1. A riveting device for assembling a motor, characterized in that: the riveting mechanism comprises a base, a fixed base, a plurality of riveting mechanisms and a driving mechanism, wherein the fixed base is arranged on the base, a positioning cavity is formed in the fixed base and is used for positioning a motor, a plurality of riveting mechanisms are arranged around the periphery of the fixed base, the riveting mechanism comprises an extrusion assembly and a stamping part, the extrusion assembly is arranged on the base, the extrusion assembly is provided with a moving end, one end of the stamping part is connected with the moving end of the extrusion assembly, and the other end of the stamping part slides through the fixed base and can extend into the positioning cavity in a reciprocating manner; the driving mechanism is arranged on the base and used for driving the moving end of each extrusion assembly to face the positioning cavity.

2. The apparatus for riveting an assembled motor of claim 1, wherein: each extrusion assembly comprises a sliding seat and an extrusion block in sliding fit with the sliding seat, the stamping part is in sliding connection with the extrusion block, the driving mechanism drives the extrusion block, and the moving end of the stamping part is extruded by the extrusion block to slide and stamp in the positioning cavity.

3. The apparatus for riveting an assembled motor of claim 2, wherein: the sliding seat is characterized in that a compression spring is arranged at the bottom end of the sliding seat and used for pushing the extrusion block upwards, the extrusion block is provided with an extrusion groove, the extrusion groove and the movement direction of the extrusion block are obliquely arranged, one end of the stamping part is provided with a poking pin, the poking pin stretches into the extrusion groove and is driven by the driving mechanism to drive the extrusion block so as to drive the extrusion groove to move downwards, and the poking pin is extruded by the extrusion groove and pushes the stamping part to slide and stamp in the positioning cavity.

4. A riveting apparatus for assembling a motor as claimed in claim 3, wherein: the driving mechanism comprises a frame and a first air cylinder arranged on the frame, the frame is arranged above the positioning cavity, a pressing plate is arranged at the telescopic end of the first air cylinder, and the first air cylinder drives the pressing plate to be pressed down at the upper end of each extrusion block, so that the extrusion blocks are downwards displaced.

5. The apparatus for riveting an assembled motor of claim 4 wherein: the bottom of the pressing plate downwards extends to form a pressing rod corresponding to the pressing block, and the pressing rod is used for propping against the upper end of the corresponding pressing block.
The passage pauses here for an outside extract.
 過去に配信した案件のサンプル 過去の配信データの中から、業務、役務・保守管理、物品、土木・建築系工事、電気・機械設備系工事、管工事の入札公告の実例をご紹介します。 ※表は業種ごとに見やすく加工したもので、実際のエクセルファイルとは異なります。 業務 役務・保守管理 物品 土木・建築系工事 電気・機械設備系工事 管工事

6. The apparatus for riveting an assembled motor of claim 4 wherein: the bottom of the pressing plate is also provided with an elastic pressing rod for elastically pressing a motor arranged in the positioning cavity.
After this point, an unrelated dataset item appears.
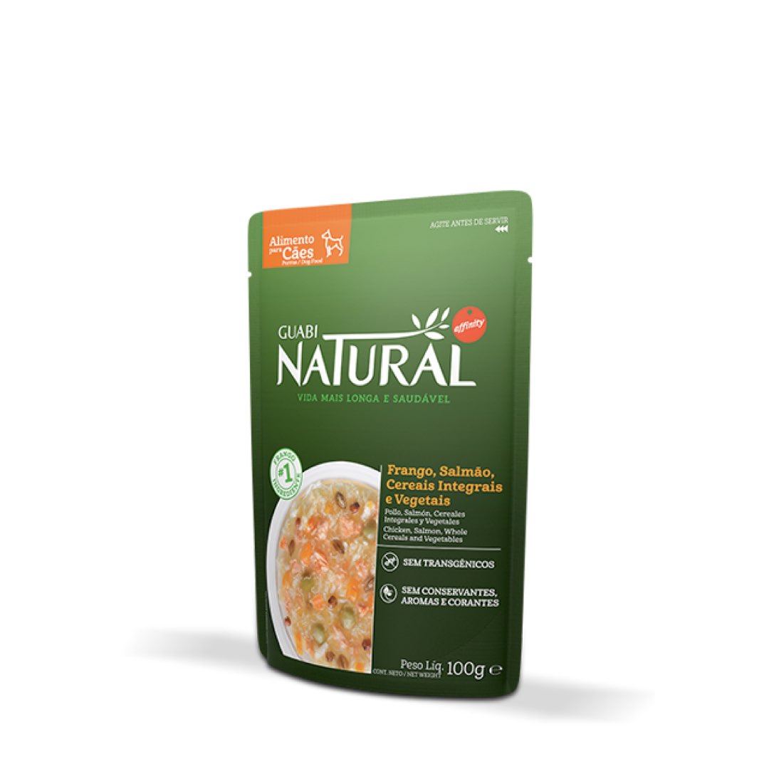 RAÇÃO ÚMIDA GUABI NATURAL SACHÊ CÃO ADULTO FRANGO, SALMÃO, CEREAIS INTEGRAIS E VEGETAIS 100G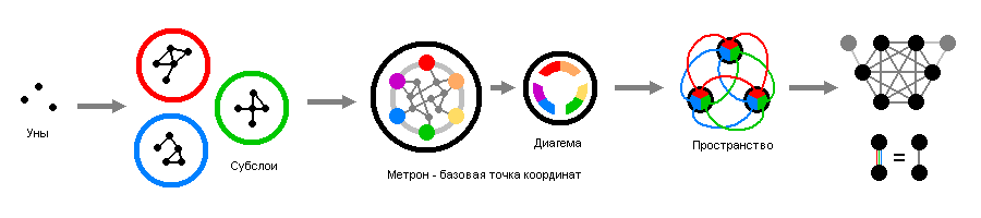 Так, не понял. Вот у нас есть уны (пересечения линий на бумаге в клетку). Четыре точки можно объединить либо в форме квадрата, либо в форме крестика. Мы получим основные субслои «квадрат» и «крест». Предположим также, что это единственные способы их соединения. Тогда группа точек, образованная красным квадратом и синим крестом будет метроном?

7. The apparatus for riveting an assembled motor of claim 6 wherein: the inner side of the positioning cavity is communicated with a positioning groove, the top end of the positioning cavity is provided with a guide slideway for realizing elastic compaction with the bottom end of the elastic compression rod, and the positioning groove is communicated with the guide slideway.

8. The riveting apparatus for assembling a motor according to any one of claims 1 to 7, wherein: and a stamping head is arranged at one end of the stamping part, which is close to the positioning cavity, and is used for stamping the riveting point of the motor in the positioning cavity.
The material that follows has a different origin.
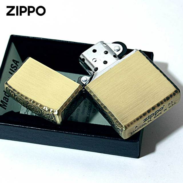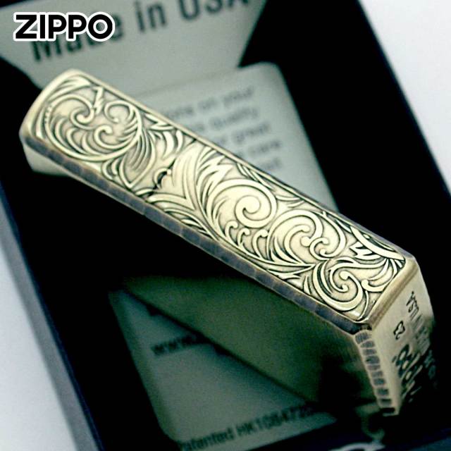3面の側面にアラベスク柄を覆い、エッジ部分にリューター加工。Zippo本体の表面には、古美仕上げを施して、まるでアンティークな骨董品のようです。シンプルに見えますが、細かいコダワリを感じるZippoです。普段遣いにオススメ!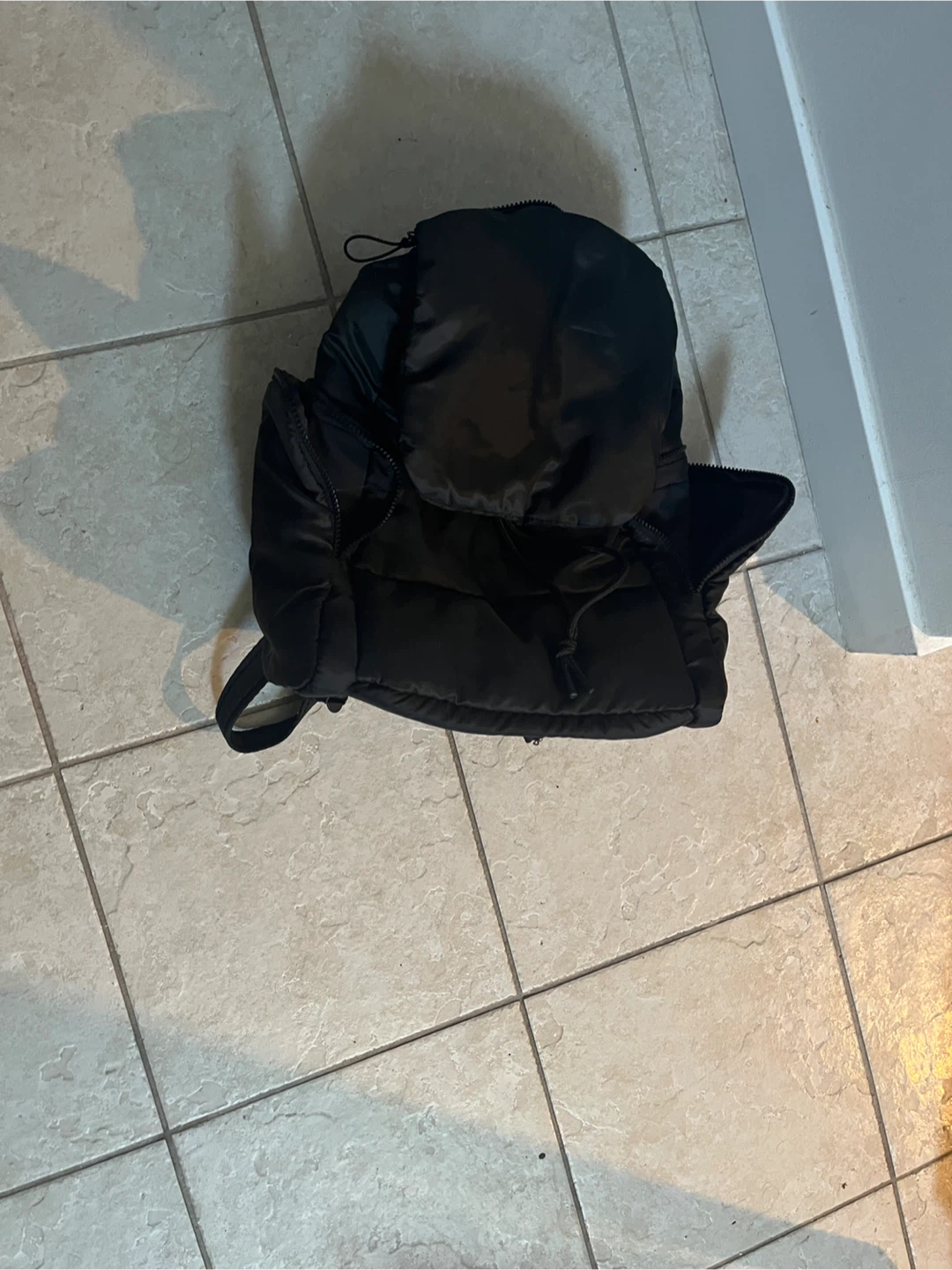 Selling a black puffer backpack from Oysho. It's in great condition and ready for a new home. The material is soft and puffy, perfect for carrying your essentials around town or on your travels!

9. The riveting apparatus for assembling a motor according to any one of claims 1 to 7, wherein: the bottom of base still is provided with ejection mechanism, ejection mechanism is including running through the base and stretch into the ejector pin in the location intracavity is used for upwards ejecting the motor in the location intracavity.

10. The apparatus for riveting an assembled motor of claim 9 wherein: the ejection mechanism further comprises a second cylinder for driving the ejector rod to move into the positioning cavity.